◆ Action item
Exclude pictures; retype the lines below from the line containing "Avanzando vediamo delle" through the end of the records, both ends kept.

===

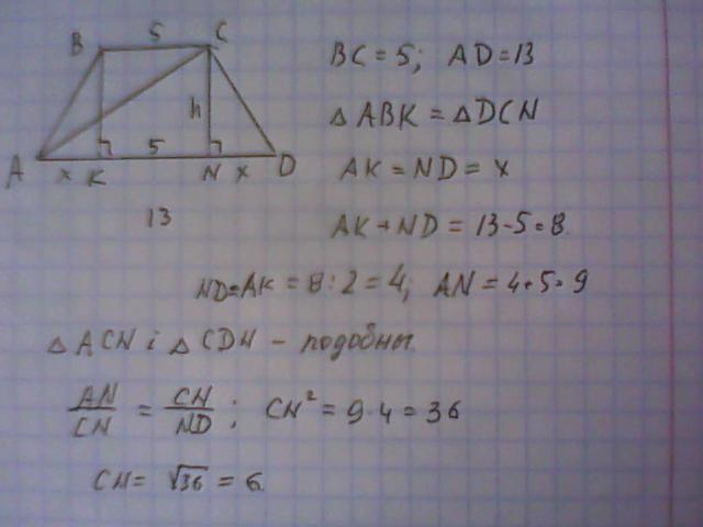 Основи рівнобічної трапеції дорівнюють 5 см і 13 см.
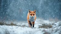 Een rode vos stapt zelfverzekerd door een besneeuwd winterlandschap naar de camera toe. Zachte sneeuwval omringt het dier en creëert een vredige en sfeervolle wildscène
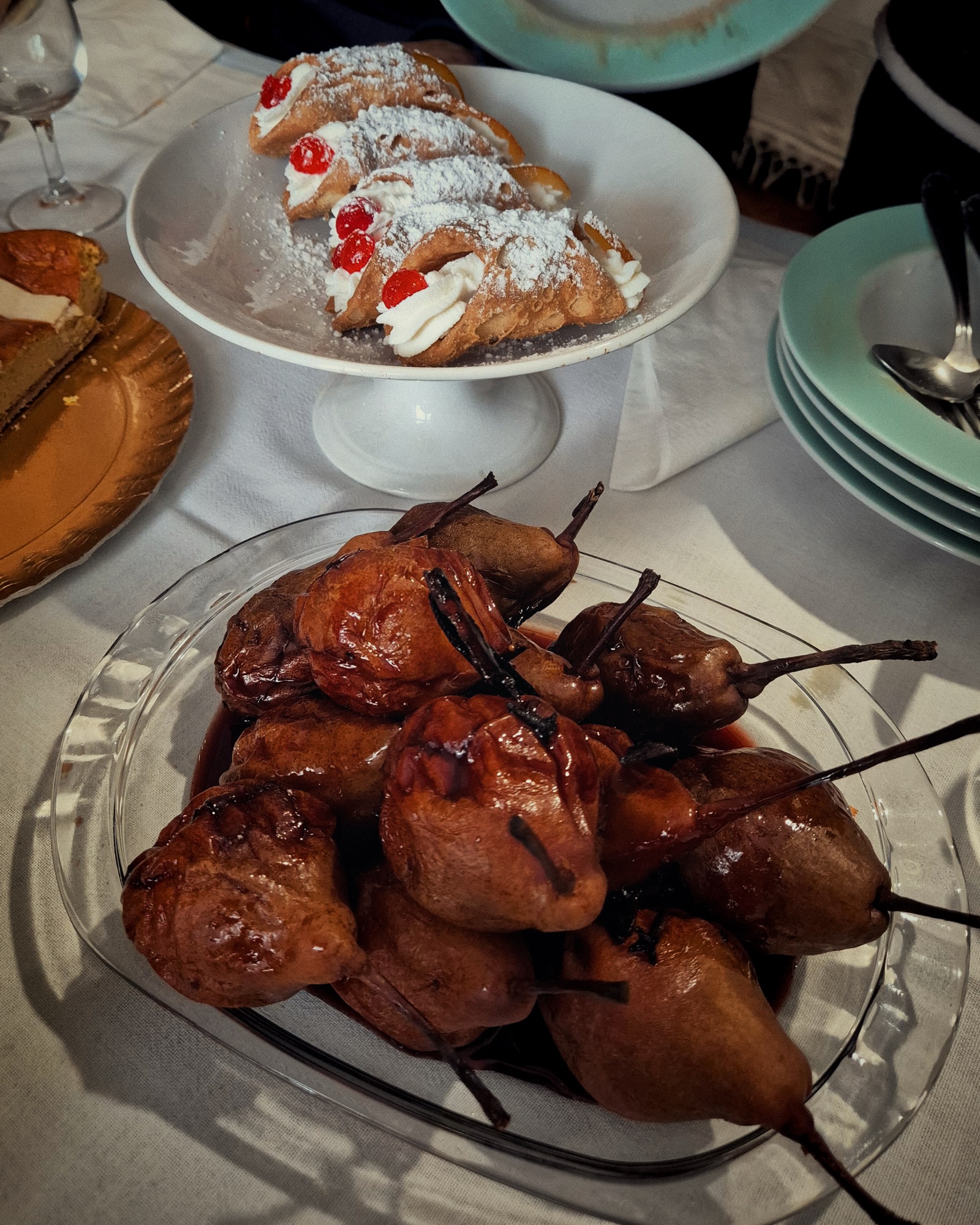 A casa Antonella ci aspetta per pranzo: busiate, barbette, formaggi, cannoli siciliani, pere Martine… una goduria insomma!
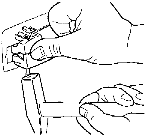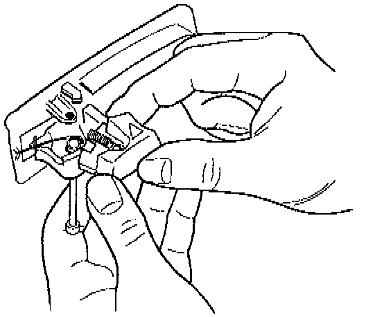 Hold with index finger so that the spring does not fly off the locking button and control mechanism. Wear proper eye protection.
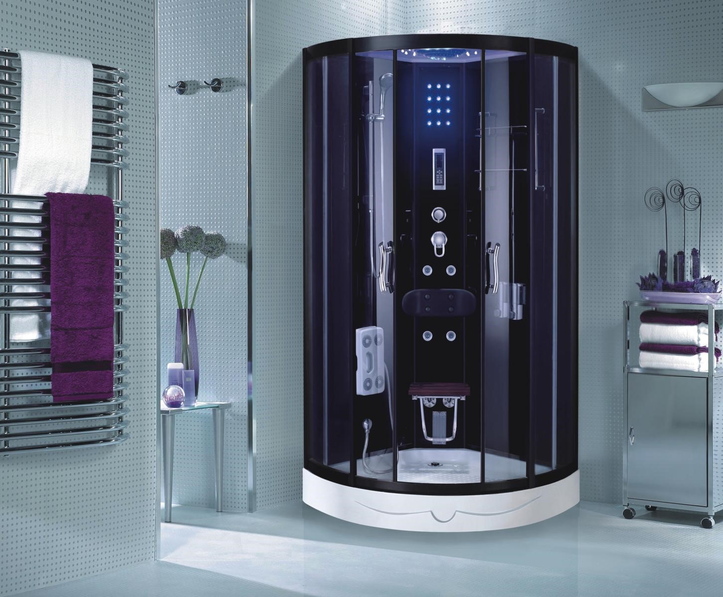 - multifunktional (Tropen-, Kaskaden- oder Charcot-Dusche, Dampfgenerator, Wasserstrahlmodifikation, Ozonierung, Aromatherapie, Hydro- oder Wanderwellenmassage, finnische Sauna / Dampfbadfunktion, Hintergrundbeleuchtung, eingebaute CD, DVD, Radio).
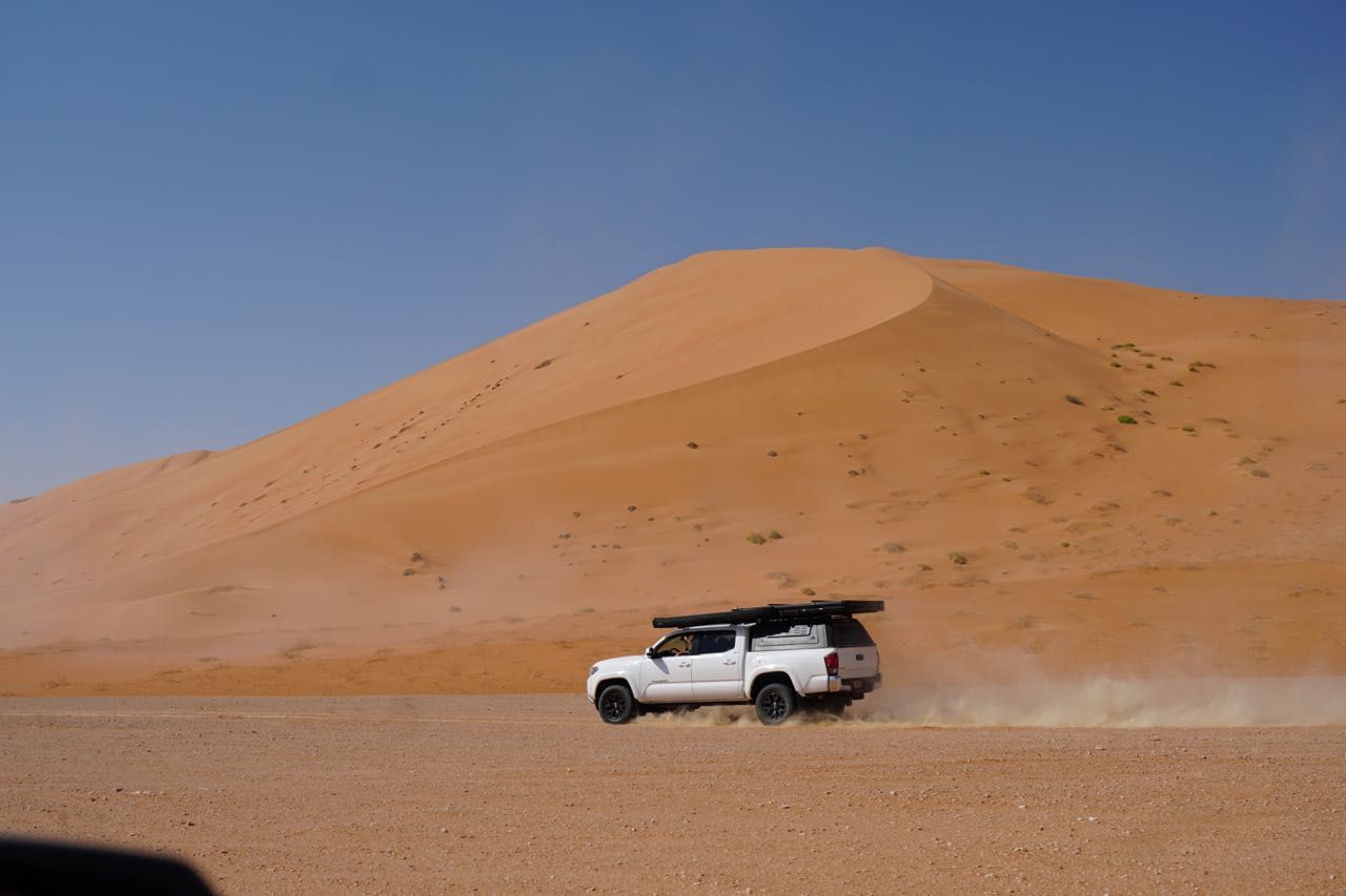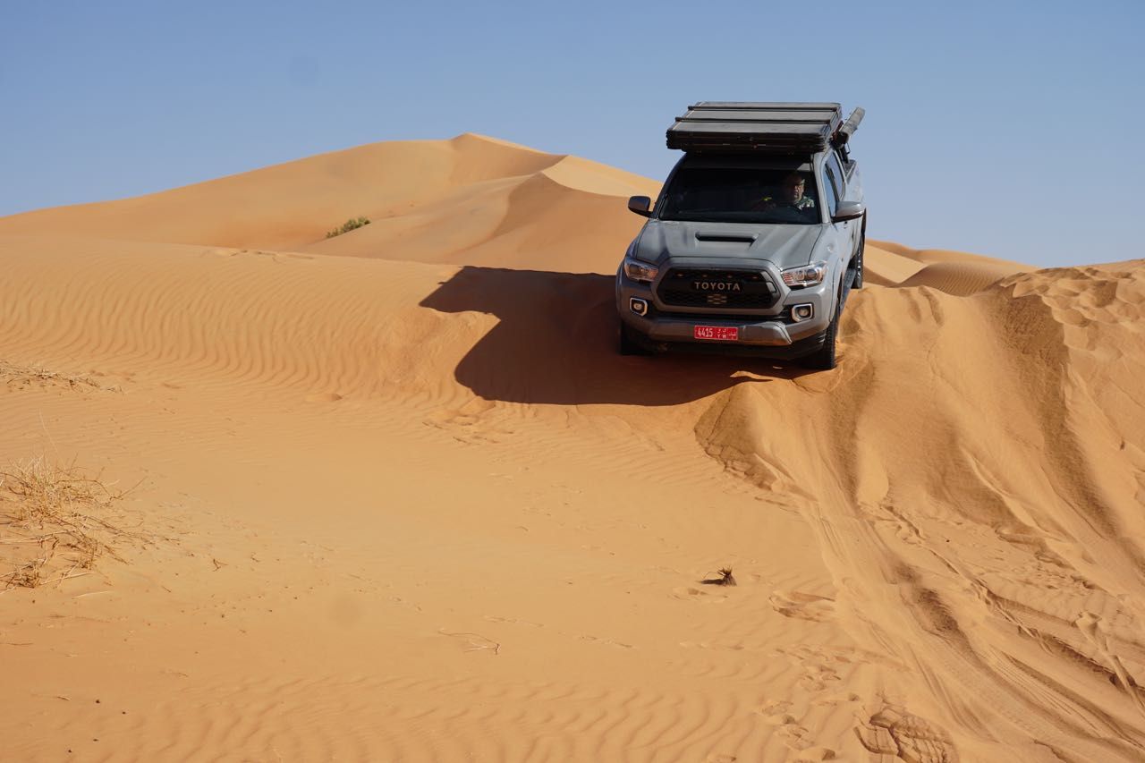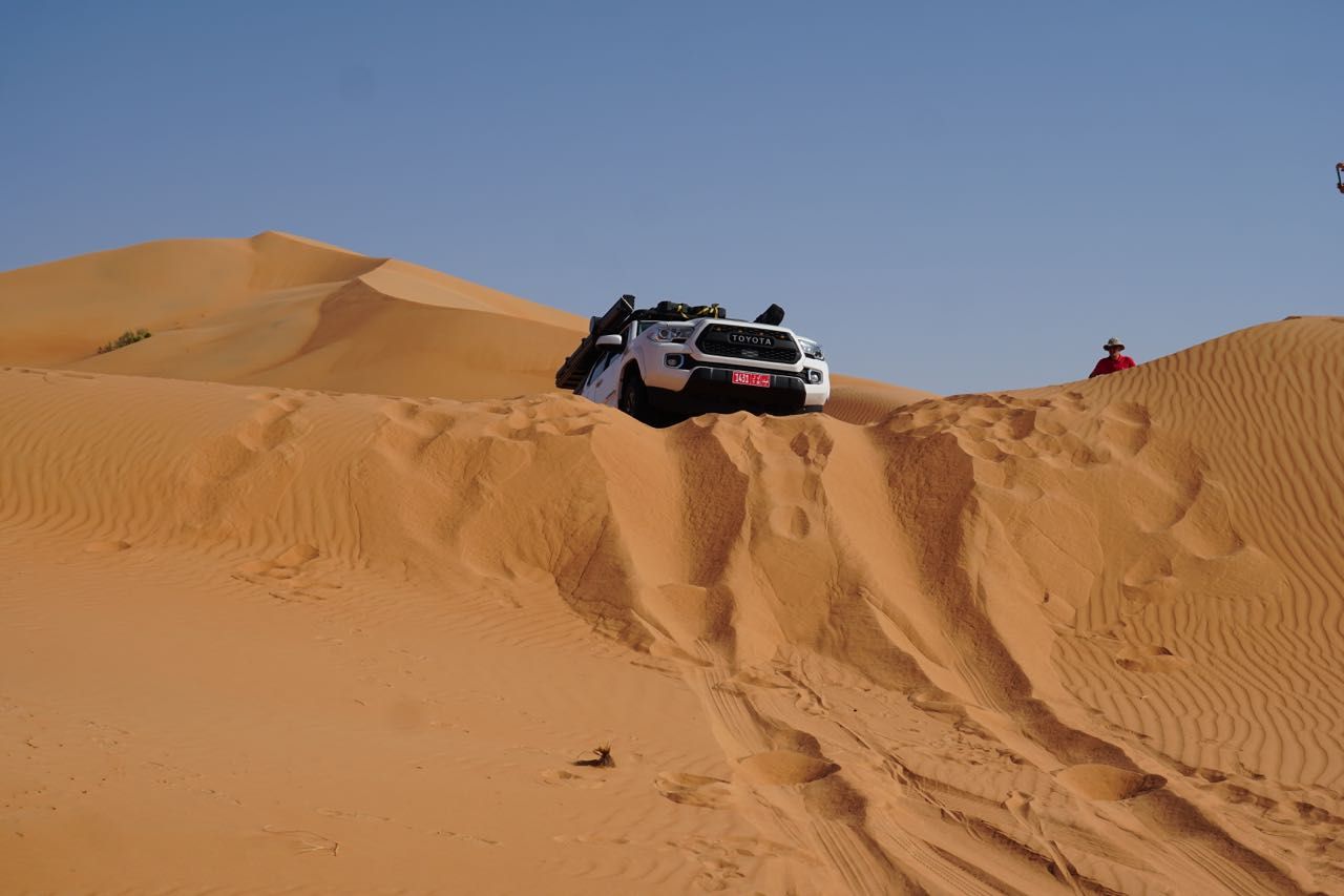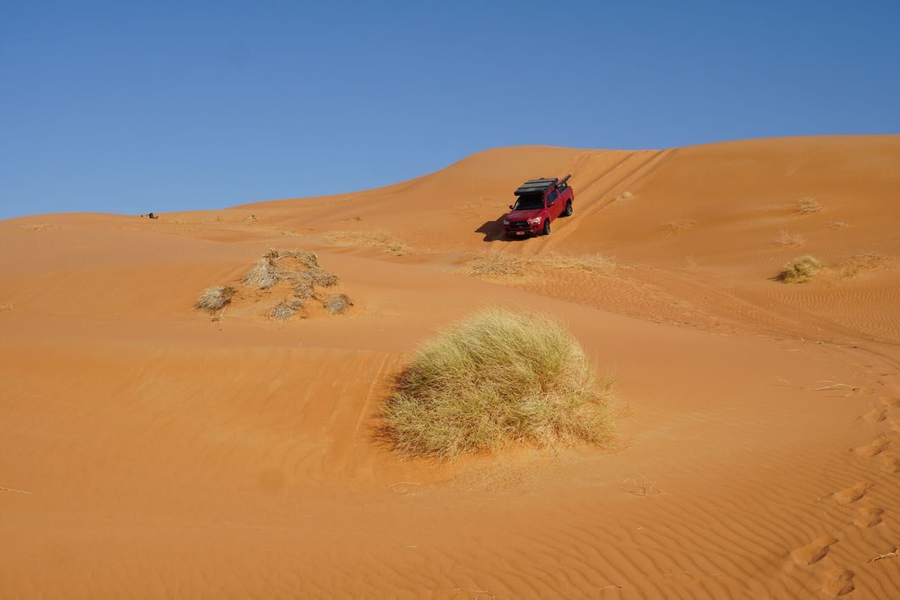 Avanzando vediamo delle montagne di sabbia che sembrava giallo paglierino poi gialla poi con il calar del sole rossa, ma sono altissime, superiamo le prime, ne aggiriamo alcune, questo sarà il panorama dei prossimi giorni, qualche leggero affossamento dovuto principalmente alla mancanza di confidenza con i nostri magnifici Tacoma.
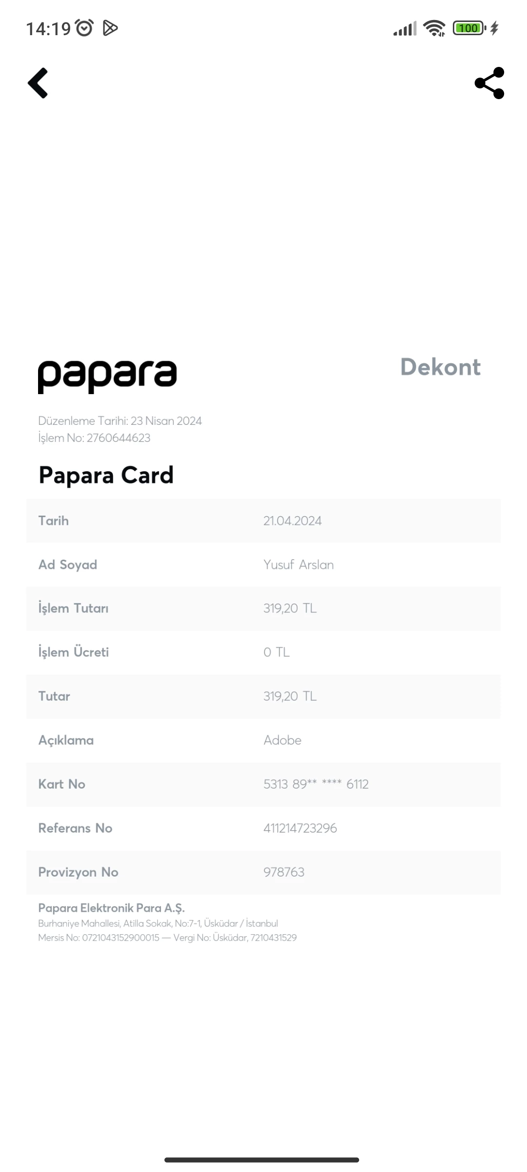 kartımdan habersizce Adobe ye para çekilmiş 319.20 TL lik bunun iadesini nasıl alabilirim

===

◆ Task answer
 Avanzando vediamo delle montagne di sabbia che sembrava giallo paglierino poi gialla poi con il calar del sole rossa, ma sono altissime, superiamo le prime, ne aggiriamo alcune, questo sarà il panorama dei prossimi giorni, qualche leggero affossamento dovuto principalmente alla mancanza di confidenza con i nostri magnifici Tacoma.
 kartımdan habersizce Adobe ye para çekilmiş 319.20 TL lik bunun iadesini nasıl alabilirim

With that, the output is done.